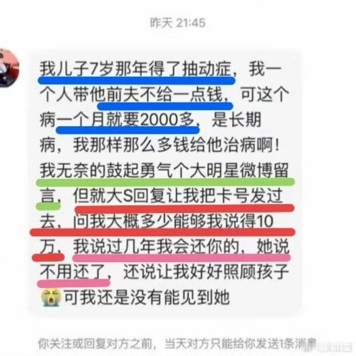 时隔9个月,再一次为大S的去世感到难过遗憾,那么美好善良的人去走的那么匆忙…… 面对素不相识的人私信求助,她不问别的,直接要卡号先转30万救白血病女孩,她生前也是默默无闻做了很多善事,却从来不会主动提起,也不让受资助的家庭提起,也不需要他们还。 她连别人的孩子都爱,却被前婆婆一家造谣不爱自己的孩子,一个美好善良的人,却遭遇了史无前例的网爆,可就算处于舆论风暴中,她也从来没有把这些事情说出来。 或许在她看来,帮助别人就是一件寻常事,不需要拿出来宣扬,她真正做到了但行好事,莫问前程,善良的大S善良的珊珊,总是低调不求回报的。 她走了 很多人才知道她默默做了很多善事,太意难平了。
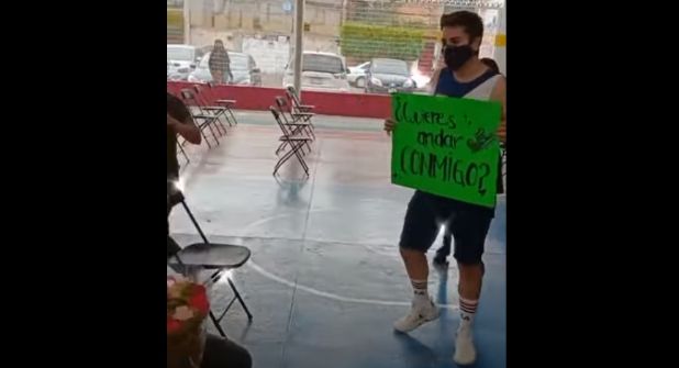 En la grabación podemos ver al joven preparando un cartel verde con plumones antes de que llegue su amigo al esperado encuentro. En la cartulina escribió la frase “¿Quieres andar conmigo?” como señal de su amor por él.
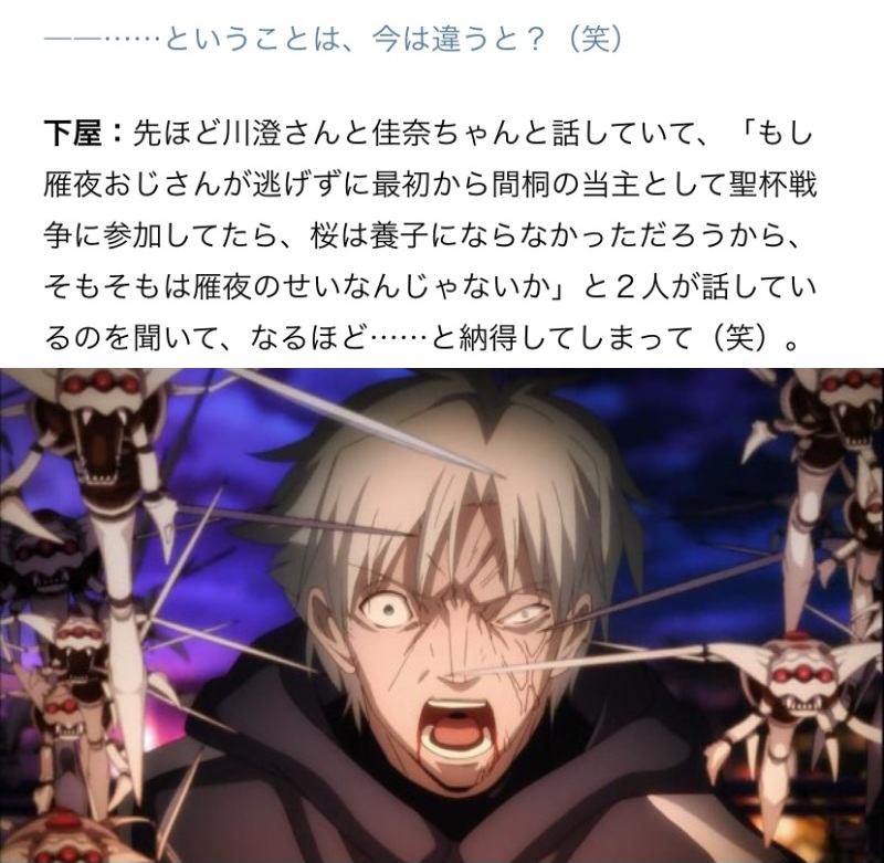 雁夜が時臣に嫉妬していることに加えて時臣が雁夜を落伍者として軽蔑しているという事や - 36二次元好きの匿名さん23/09/01(金) 18:36:46
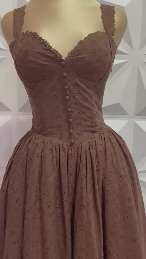 Este vestido midi en tono café es una pieza espectacular para quienes aman un estilo romántico y delicado. Confeccionado en encaje perforado, ofrece textura, suavidad y un acabado ultra femenino. Su parte superior tiene un diseño estilo corset con botones decorativos al frente y tirantes anchos con detalle de encaje que realzan el busto y la figura.
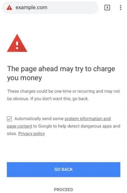 與 Chrome 71 屏蔽惡意廣告的措施類(lèi)似,此舉旨在對惡意扣費者施加嚴重的懲罰。Google 將向試圖訪(fǎng)問(wèn)此類(lèi)網(wǎng)站的用戶(hù),顯示一個(gè)巨大的警告頁(yè)面。
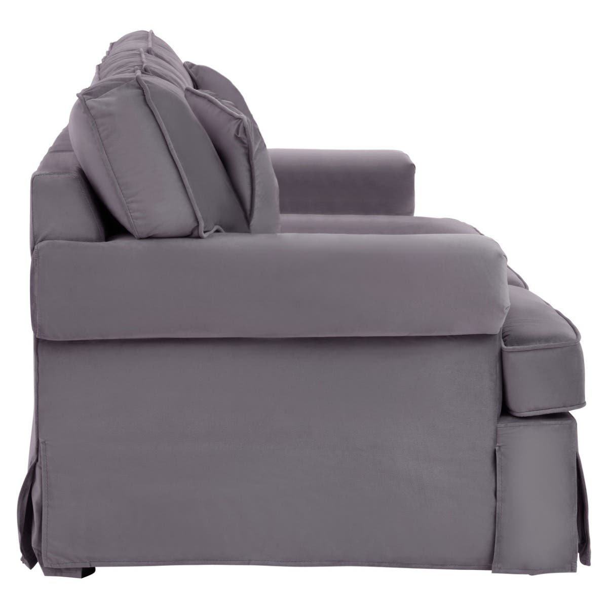 The Alph three seat grey velvet sofa has a slipcovered front that adds a finishing touch to the classic style.
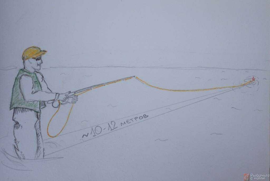 Одновременно с этим, левой рукой подтягивается шнур и ему передается дополнительная энергия. Перед падением, шнур и поводок выпрямляются. Нацеливать бросок необходимо примерно сантиметров на 50, выше требуемой точки.
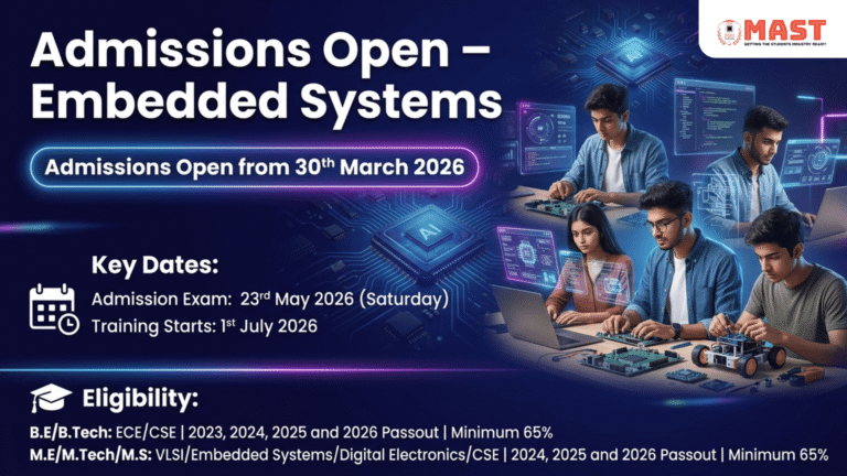 Bring the change by joining the world-class industry-oriented Embedded Systems training program offered by MAST. Purchase Note: This is the Enrollment fee we request you to pay only if you have been selected via the written & Interview Process. Make sure that you have the official confirmtaion from the Institution on your enrolment. If everything is in place, Welcome to MAST.
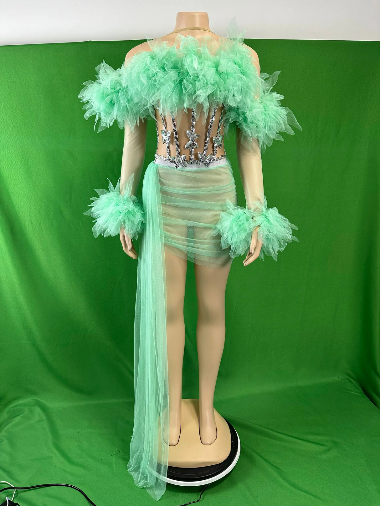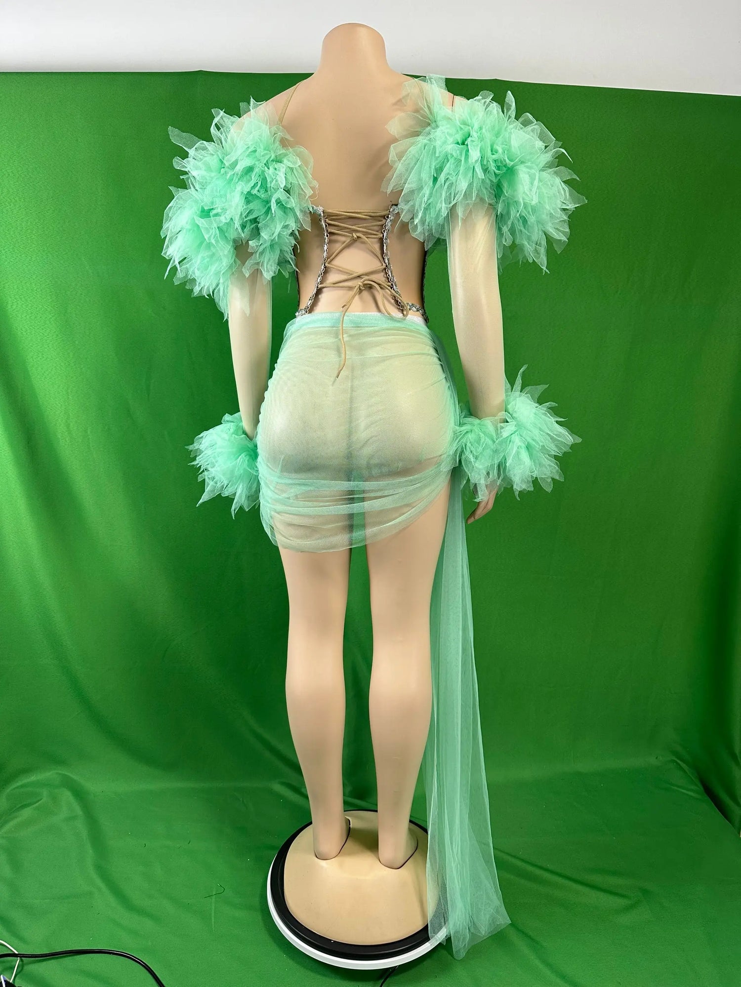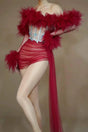 Red Mesh Sequins Pcs Set Dress Cheerleading Las
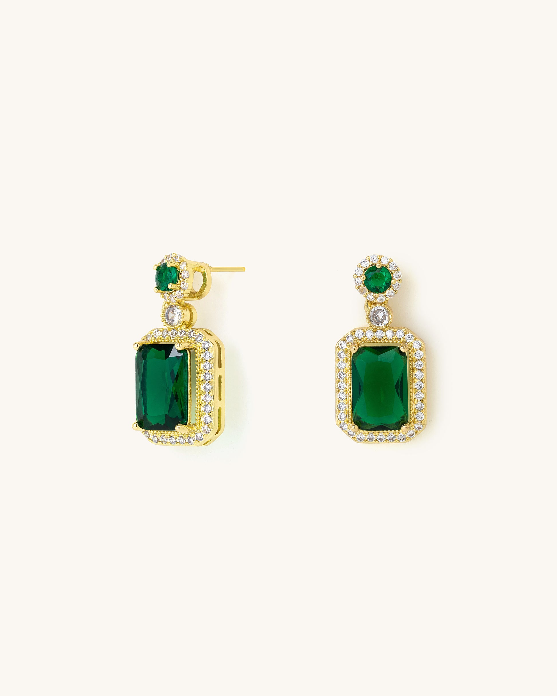Bold and luxurious, the Emerald Green Drop Earrings feature vibrant emerald-toned stones framed by halos of sparkling cubic zirconia. Crafted with a gold-plated finish over copper, these statement earrings bring an elegant vintage charm to any look, perfect for special occasions and evening glamour.
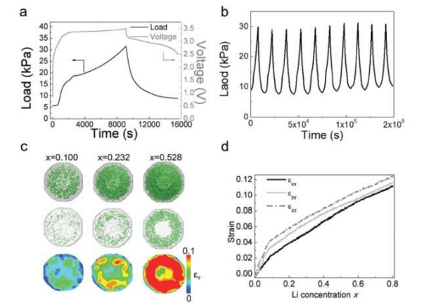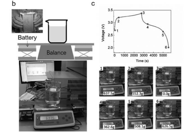 清华大学的Jialiang Lang等人就利用了硅负极在充放电过程中的体积膨胀开发了一款“微型起重机”。该“微型起重机”实际上是一个软包锂离子电池,其正极采用了体积变化很小的LiFePO4材料,而负极使用了硅负极材料,电池容量为2.1Ah。并利用该电池进行了“举水实验”,在实验中该电池通过充电“举起”了637.5g的水,在完全充电状态下电池膨胀所产生的压强达到了25.8KPa,在后续的循环过程中产生了平均21KPa的压力。后续的研究表明,该电池能够产生的最高压力可达17MPa。在整个充放电电压平台期间,该电池可以持续产生10MPa以上的压力。在该过程中,充电产生的能量分为3部分,一部分转化为机械能,一部分转换为化学能储存在电池中,一部分则转化为热能耗散了。
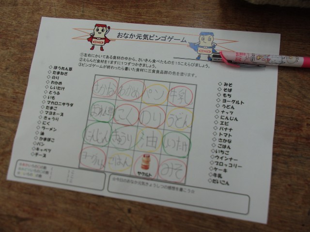 5年生は、腸の働きや栄養バランスの良い食事について学びました。おなか元気ビンゴ大会を通して、普段の食生活を振り返り、バランスよく食べることの大切さについて学びました。
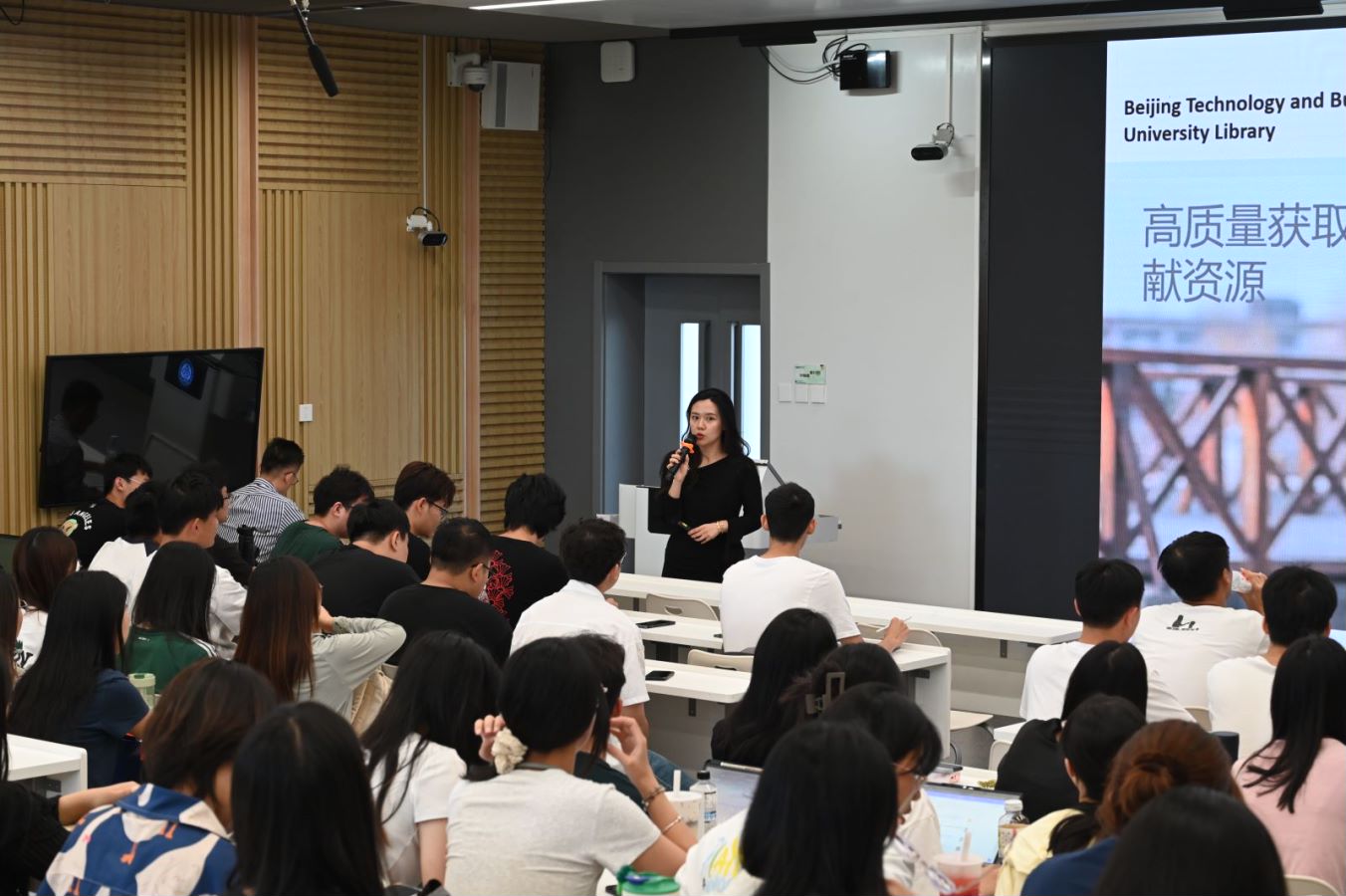 藤蔓系统地介绍了图书馆的主要资源,涵盖了国内外的主要数据库,如中国知网、Web of Science、SD数据库等。她介绍了如何在学术搜索中精准检索文献、利用图书馆的在线系统快速获取资源等实用技巧,并举例讲述了一位职工如何通过正确的检索路径成功获取所需文献。
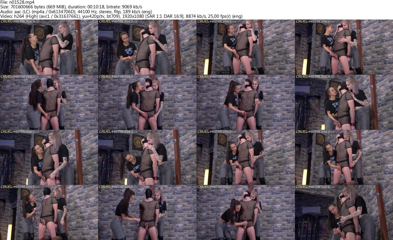 Mistress Laura, eager to share her expertise, demonstrated orgasm control with her masked slave. She stroked and teased him, bringing him to the edge before denying release, while Yvette stood behind, her palms covering his mouth. Occasionally, Yvette's hands wandered, caressing his body, adding to his torment and her own pleasure.
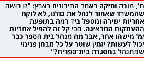 "הם פשוט מפילים את האחריות על מנהלי התיכון", אומרת ח', מורה ותיקה באחד התיכונים בארץ. "זו בושה שהמשרד שאמור לנהל את כולנו, ועוד במשבר הכי גדול שידענו במדינה, לא לוקח אחריות ישירה ומטפל ביד רמה בתופעת ההעתקות המדאיגה. הכי קל זה להפיל אחריות על מישהו אחר. אבל מה מנהל בית הספר כבר יכול לעשות? באיזה כלים ישתמש בלי הנחיות וכלים, ואולי גם תקציב מיוחד למזער את התופעה? מה הוא יעשה - יזמין שוטר על כל מבחן פנימי שמתנהל במסגרת בית־ספרית? לאן הגענו? וזו רק התחלה של מתכונת לימודים מרחוק, שלדעתי תימשך גם בשנה הבאה".

**DESCRIPTION OF THE TASK:** What you need to produce is an exact copy of the entries above, limited to the lines from the one with "En la grabación" up to and including the one with "- 36二次元好きの匿名さん23/09/01(金) 18:36:46", without pictures.

**REPLY:**
 En la grabación podemos ver al joven preparando un cartel verde con plumones antes de que llegue su amigo al esperado encuentro. En la cartulina escribió la frase “¿Quieres andar conmigo?” como señal de su amor por él.
 雁夜が時臣に嫉妬していることに加えて時臣が雁夜を落伍者として軽蔑しているという事や - 36二次元好きの匿名さん23/09/01(金) 18:36:46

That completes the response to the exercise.